◆ STORED DATA:
++++++++

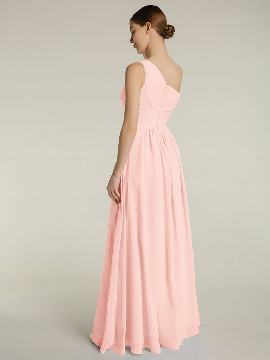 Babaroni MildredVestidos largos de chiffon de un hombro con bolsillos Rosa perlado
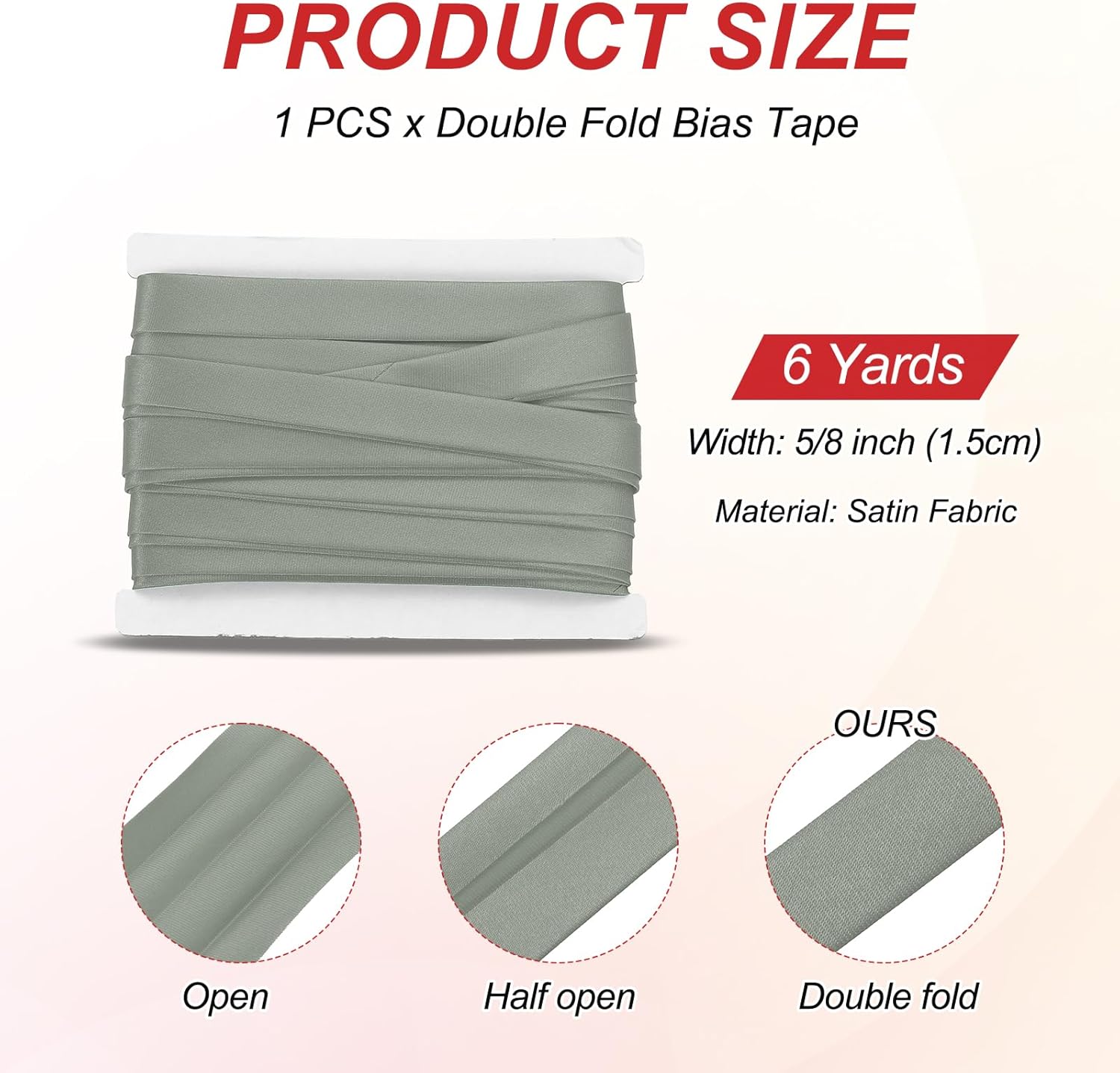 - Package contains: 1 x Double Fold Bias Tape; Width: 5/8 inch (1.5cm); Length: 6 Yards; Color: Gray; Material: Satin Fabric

++++++++

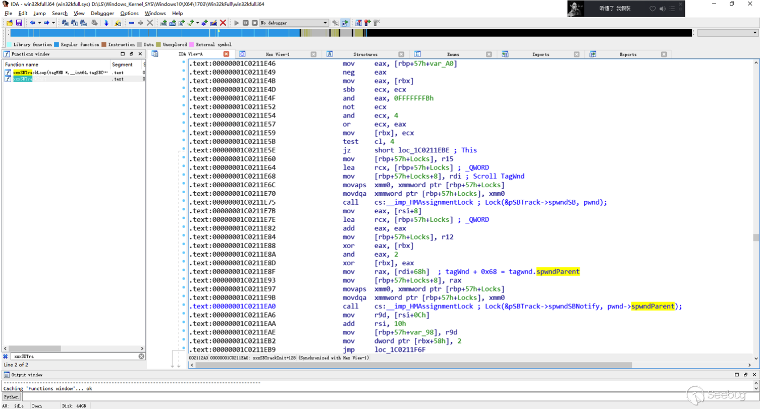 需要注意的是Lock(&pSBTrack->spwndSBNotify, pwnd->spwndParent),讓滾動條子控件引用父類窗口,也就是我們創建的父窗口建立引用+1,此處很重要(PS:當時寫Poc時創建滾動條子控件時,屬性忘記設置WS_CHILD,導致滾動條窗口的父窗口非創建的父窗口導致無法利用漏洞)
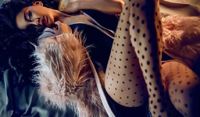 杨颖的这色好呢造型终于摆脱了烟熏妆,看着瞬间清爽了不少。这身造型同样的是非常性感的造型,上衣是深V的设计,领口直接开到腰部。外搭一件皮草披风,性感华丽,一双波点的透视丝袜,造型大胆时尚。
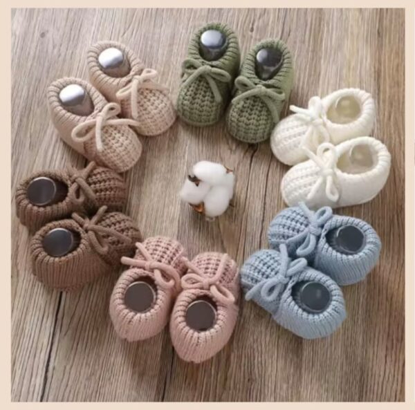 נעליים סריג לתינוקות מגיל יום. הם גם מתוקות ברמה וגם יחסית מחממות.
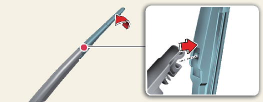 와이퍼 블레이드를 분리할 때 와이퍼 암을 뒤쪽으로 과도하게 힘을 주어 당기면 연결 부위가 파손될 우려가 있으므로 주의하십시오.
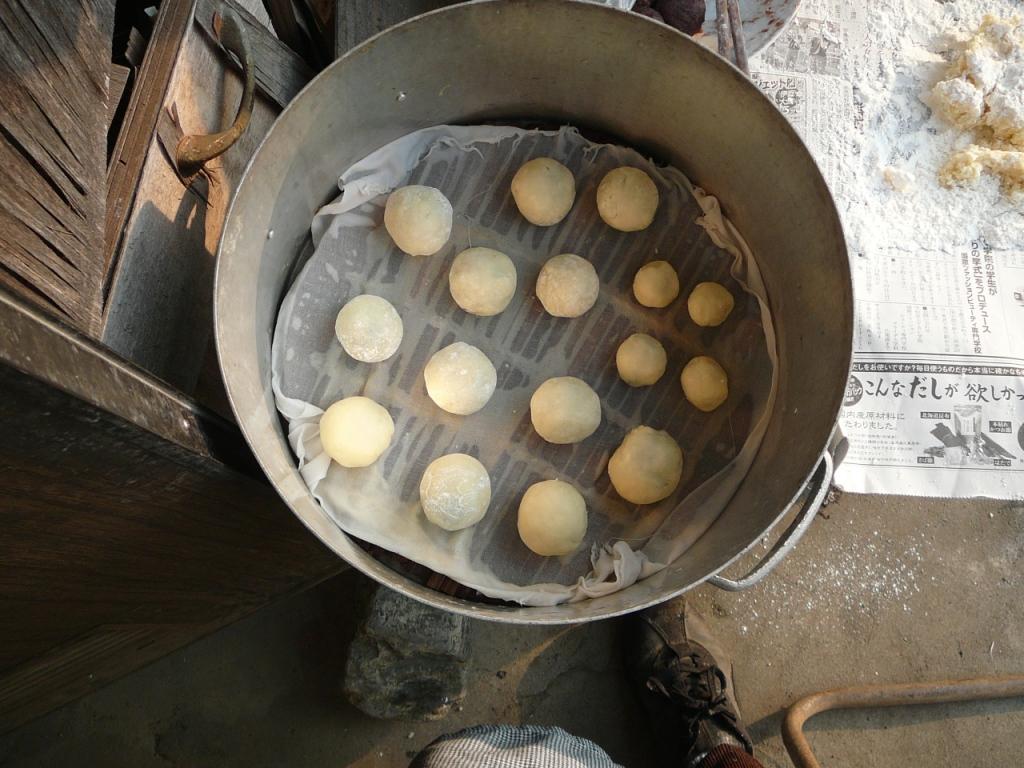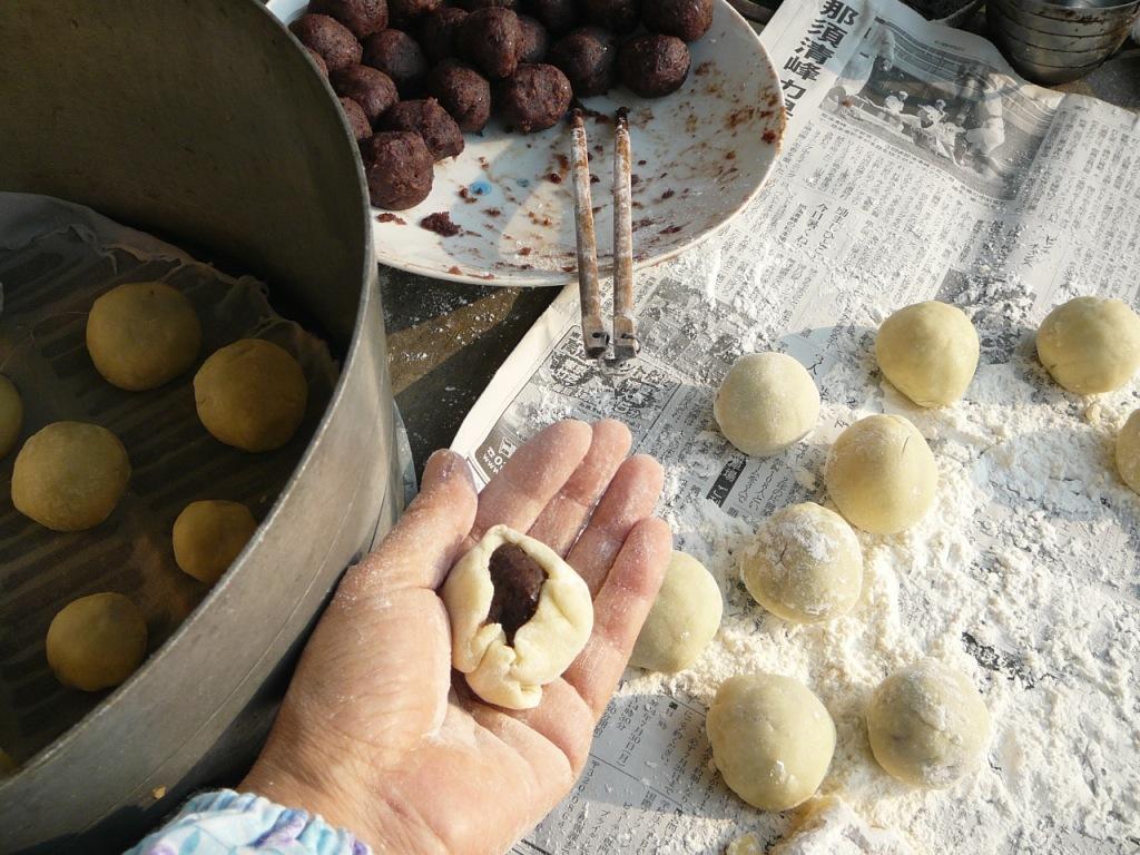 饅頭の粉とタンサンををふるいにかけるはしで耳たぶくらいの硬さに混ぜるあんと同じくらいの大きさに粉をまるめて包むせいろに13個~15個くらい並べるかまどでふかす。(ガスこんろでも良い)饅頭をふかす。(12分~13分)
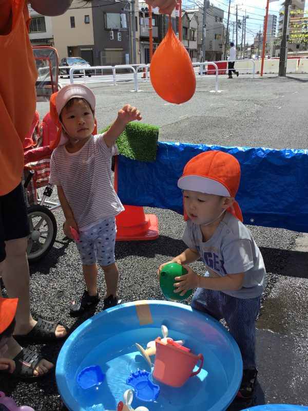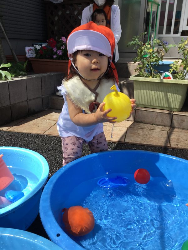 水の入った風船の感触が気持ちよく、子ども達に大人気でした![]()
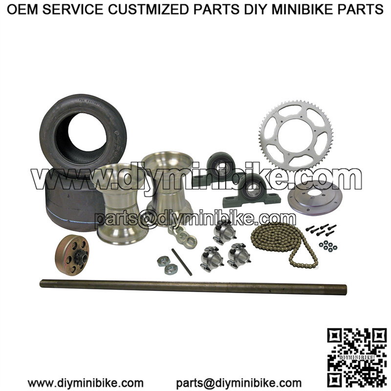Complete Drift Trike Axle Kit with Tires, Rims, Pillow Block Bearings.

++++++++

◆ EXERCISE REQUIREMENTS: Output only the lines above from the line that holds "Babaroni MildredVestidos largos" through the line that holds "- Package contains: 1", both ends included, and exclude pictures.

◆ YOUR RESPONSE:
 Babaroni MildredVestidos largos de chiffon de un hombro con bolsillos Rosa perlado
 - Package contains: 1 x Double Fold Bias Tape; Width: 5/8 inch (1.5cm); Length: 6 Yards; Color: Gray; Material: Satin Fabric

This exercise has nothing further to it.